* **DATA SUPPLIED**:

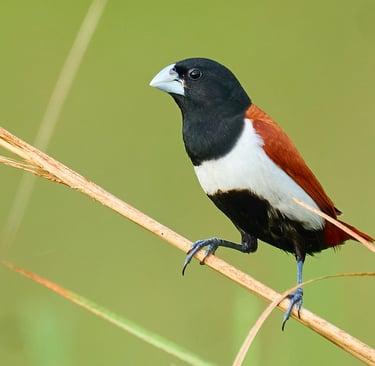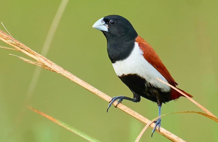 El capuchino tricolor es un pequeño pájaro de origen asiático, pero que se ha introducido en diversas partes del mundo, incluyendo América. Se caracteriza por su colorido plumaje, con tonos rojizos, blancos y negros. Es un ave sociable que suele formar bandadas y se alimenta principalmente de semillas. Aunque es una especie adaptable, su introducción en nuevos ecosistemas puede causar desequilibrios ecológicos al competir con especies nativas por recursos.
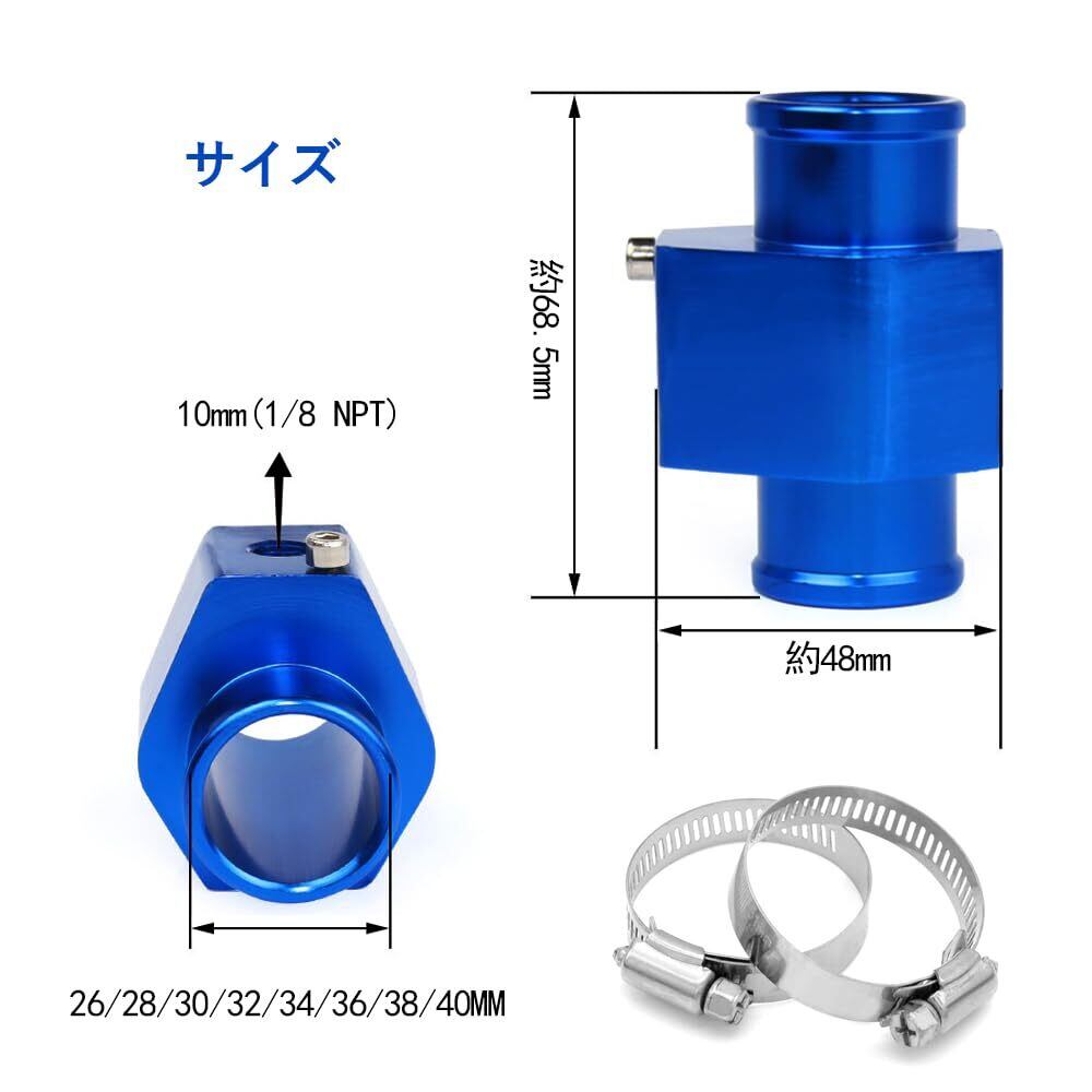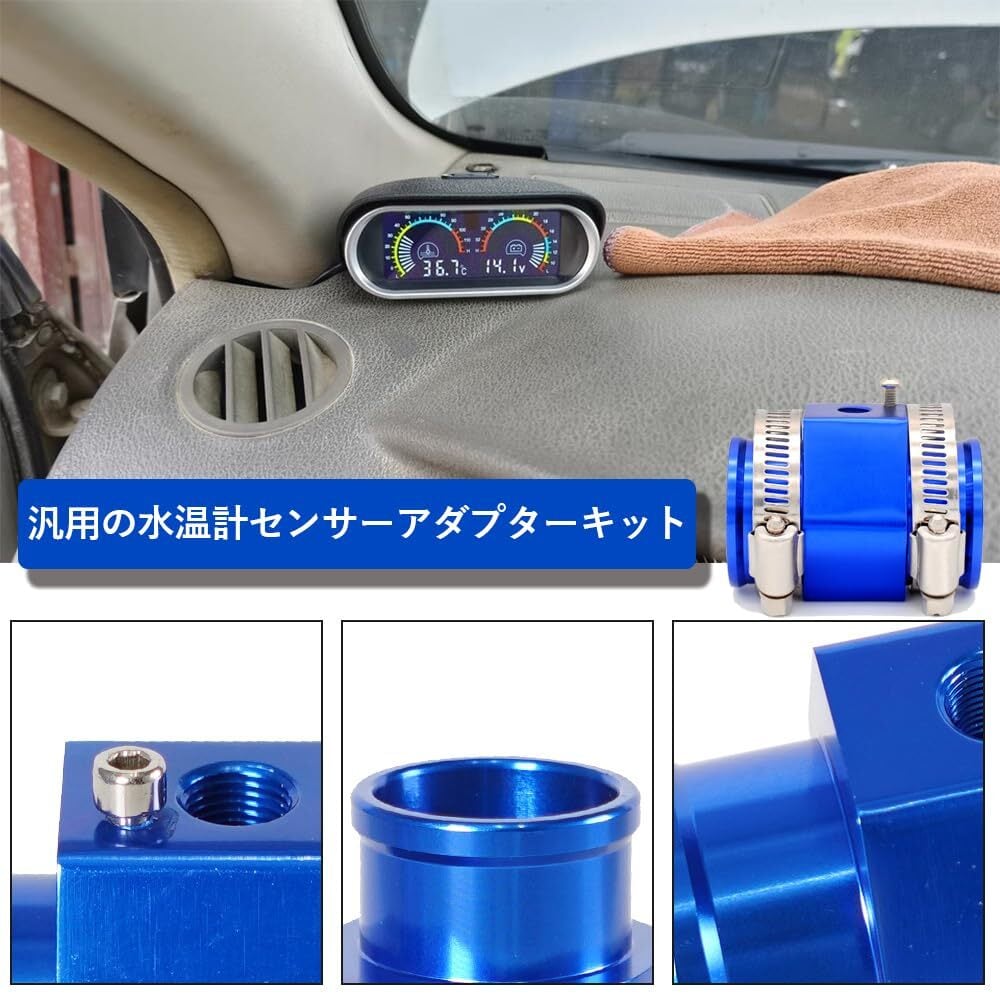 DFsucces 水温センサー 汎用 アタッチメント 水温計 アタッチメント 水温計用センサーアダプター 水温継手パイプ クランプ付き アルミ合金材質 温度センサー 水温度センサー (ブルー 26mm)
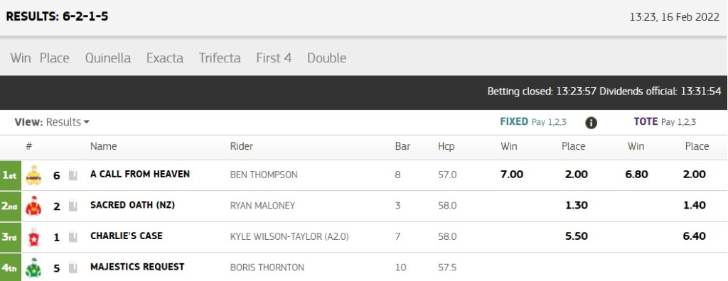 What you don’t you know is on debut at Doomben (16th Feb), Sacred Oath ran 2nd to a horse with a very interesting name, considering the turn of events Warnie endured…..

* * *

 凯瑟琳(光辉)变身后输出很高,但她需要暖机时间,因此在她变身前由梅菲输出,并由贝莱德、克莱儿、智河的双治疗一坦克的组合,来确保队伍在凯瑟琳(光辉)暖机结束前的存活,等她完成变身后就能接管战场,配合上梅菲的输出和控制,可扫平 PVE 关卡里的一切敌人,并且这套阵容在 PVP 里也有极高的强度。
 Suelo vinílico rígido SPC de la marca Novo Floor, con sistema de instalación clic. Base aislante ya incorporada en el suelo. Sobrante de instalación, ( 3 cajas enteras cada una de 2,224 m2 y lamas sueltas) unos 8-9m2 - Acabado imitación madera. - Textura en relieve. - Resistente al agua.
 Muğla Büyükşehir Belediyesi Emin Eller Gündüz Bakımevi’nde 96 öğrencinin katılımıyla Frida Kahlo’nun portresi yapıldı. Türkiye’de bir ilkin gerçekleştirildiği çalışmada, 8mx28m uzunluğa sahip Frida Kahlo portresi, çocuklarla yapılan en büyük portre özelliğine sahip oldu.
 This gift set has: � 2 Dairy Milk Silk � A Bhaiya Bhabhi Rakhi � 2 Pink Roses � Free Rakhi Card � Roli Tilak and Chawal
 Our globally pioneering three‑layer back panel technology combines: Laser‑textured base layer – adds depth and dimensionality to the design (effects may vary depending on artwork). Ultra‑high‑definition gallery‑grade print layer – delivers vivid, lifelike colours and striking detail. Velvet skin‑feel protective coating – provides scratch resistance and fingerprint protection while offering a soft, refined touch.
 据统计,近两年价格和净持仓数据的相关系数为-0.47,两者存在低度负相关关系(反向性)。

* **EXERCISE**: Would you quote everything above from the line containing "Our globally pioneering" down to the line containing "据统计,近两年价格和净持仓数"? Include both of those lines and nothing else.

* **ANSWER FOR THIS EXERCISE**:
 Our globally pioneering three‑layer back panel technology combines: Laser‑textured base layer – adds depth and dimensionality to the design (effects may vary depending on artwork). Ultra‑high‑definition gallery‑grade print layer – delivers vivid, lifelike colours and striking detail. Velvet skin‑feel protective coating – provides scratch resistance and fingerprint protection while offering a soft, refined touch.
 据统计,近两年价格和净持仓数据的相关系数为-0.47,两者存在低度负相关关系(反向性)。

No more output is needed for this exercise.